Берта идет на кухню, наливает чай. Берет большой пакет пряников. Возвращается в комнату. Пьет чай. Засыпает с шестым пряником в руке.
Курица снижается, направляется к дому, влетает в форточку. Открывает холодильник. Укладывается на полку, осматривается. Ну конечно: колбасы нет!.. Кетчуп, майонез, горчица. Маринованные огурцы. Килька в томате. «Ни творога, ни кефира, ни каши, ни супа. Даже молока нет. Вот ведь старое чучело», – вздыхает курица. И тоже засыпает.
Санитарный день
– Танька? – сначала с вопросительной интонацией. И потом уже уверенно: – Танька!! А я смотрю, смотрю – ты или не ты? Слушай, тебя прямо не узнать! Выглядишь суперски! Ты же всегда была такая… ну-у… – Вероника покрутила в воздухе руками, – ну-у… в общем, сейчас совсем другое дело! Отпад просто!
Сама Вероника мало изменилась: такой же бешеный павлин. Слегка помятый, подрастерявший перья, но не полинявший.
– Привет!
– Танька, мы с тобой сколько не виделись? Со школы ведь ни разу? С ума сойти! Ой, а ты на десятилетие ходила? Я бы обязательно пошла! Но я тогда, прикинь, во Владике жила! Ну во Владивостоке! Ой, ну с одним там… Да ну, не срослось, в общем. Вот, вернулась. Занимаюсь фигней всякой. А наши, наши-то как? Слушай, давай куда-нибудь зайдем, посидим! Танька! Мы ж сколько не виделись! Со школы! С ума сойти!
«Пошла по кругу, как лошадь в цирке», – подумала Таня. Но в принципе «где-то посидеть» она была не против – все дела, запланированные на день, уже были сделаны.
– Давай.
– О, а вот как раз кафешка. Тьфу ты, блин, облом! – Вероника с досадой ткнула малиновым ногтем в объявление. – Санитарный день!
Вдруг дверь приоткрылась и оттуда выглянула симпатичная женщина.
Она улыбнулась и сделала приглашающий жест рукой:
– Здравствуйте! Заходите.
– Так ведь это. Санитарный день.
– Не имеет значения. Вас мы будем рады обслужить.

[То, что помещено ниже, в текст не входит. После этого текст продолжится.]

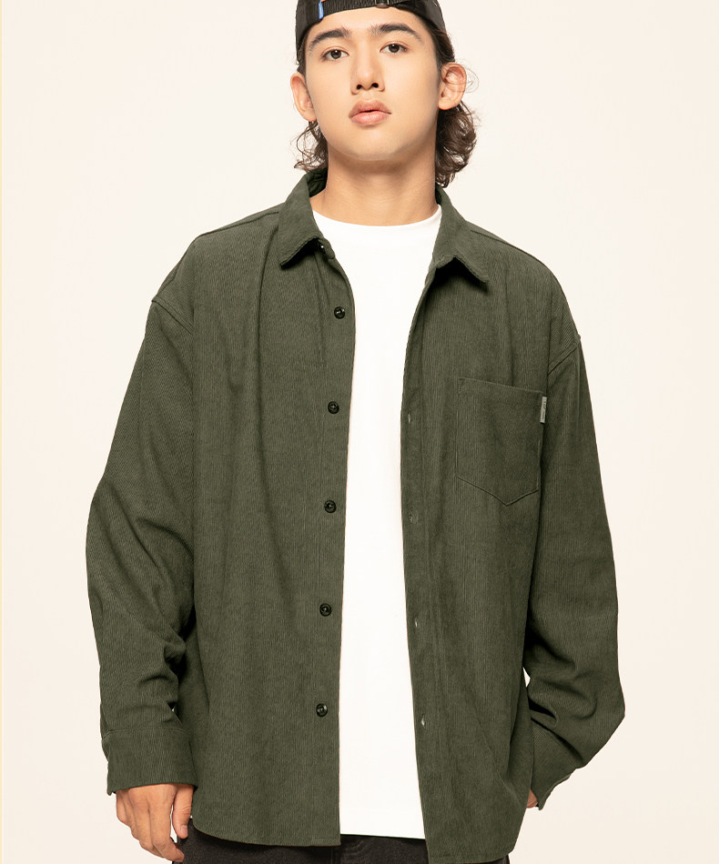Jeanswest American-Style Shirt for Men, Spring Casual Corduroy Long-Sleeve Shirt, Men's Green Retro Lapel Jacket F

Несмотря на санитарный день, посетителей в маленьком зальчике было довольно много. Из семи столиков были заняты пять. За одним вдохновенно питались четыре тетки – две крупногабаритные, как тыквы-чемпионы, две – тощие и желтые, как первая худосочная морковь. И все – блондинки. Прически у них тоже были примерно одинаковые – забетонированные лаком мощные кудри.
«Всем отделом к одному парикмахеру ходят», – Таня не сомневалась, что тетки вместе работают. И наверняка пришли отметить какое-нибудь событие. День рождения. День бухгалтера. День мелиоратора. На столе было неимоверное количество еды, выпивки тоже немало. Лица тыквенно-морковных блондинок цветом уже напоминали вареную свеклу. Тетки громко смеялись: тощие – басом, толстые – визгливо. Все четыре то и дело бросали томные взгляды на два соседних столика, сдвинутых вместе: там гуляла шумная мужская компания, не обращавшая на них никакого внимания.
У окна расположилось семейство: молодая пара и ребенок лет четырех. Родители явно выясняли отношения. Ребенку было совершенно нечем заняться, он то пытался стянуть со стола скатерть, за что тут же получал по рукам, то смотрел в окно, то начинал слоняться по залу. «И чего его сюда притащили? – подумала Таня. – Здесь же курят. Хотя им, похоже, не до него. Жалко, не слышно, о чем говорят». Таня вообще очень любила наблюдать за людьми. И внимательно слушать разговоры, да. Ей это в жизни всегда пригождалось. Еще со школы. А о работе и говорить нечего. Да и просто было любопытно. Но тут разобрать слова не получалось. На расстоянии голос женщины звучал как громкое шипение, а голос ее мужа – как сдержанное рычание.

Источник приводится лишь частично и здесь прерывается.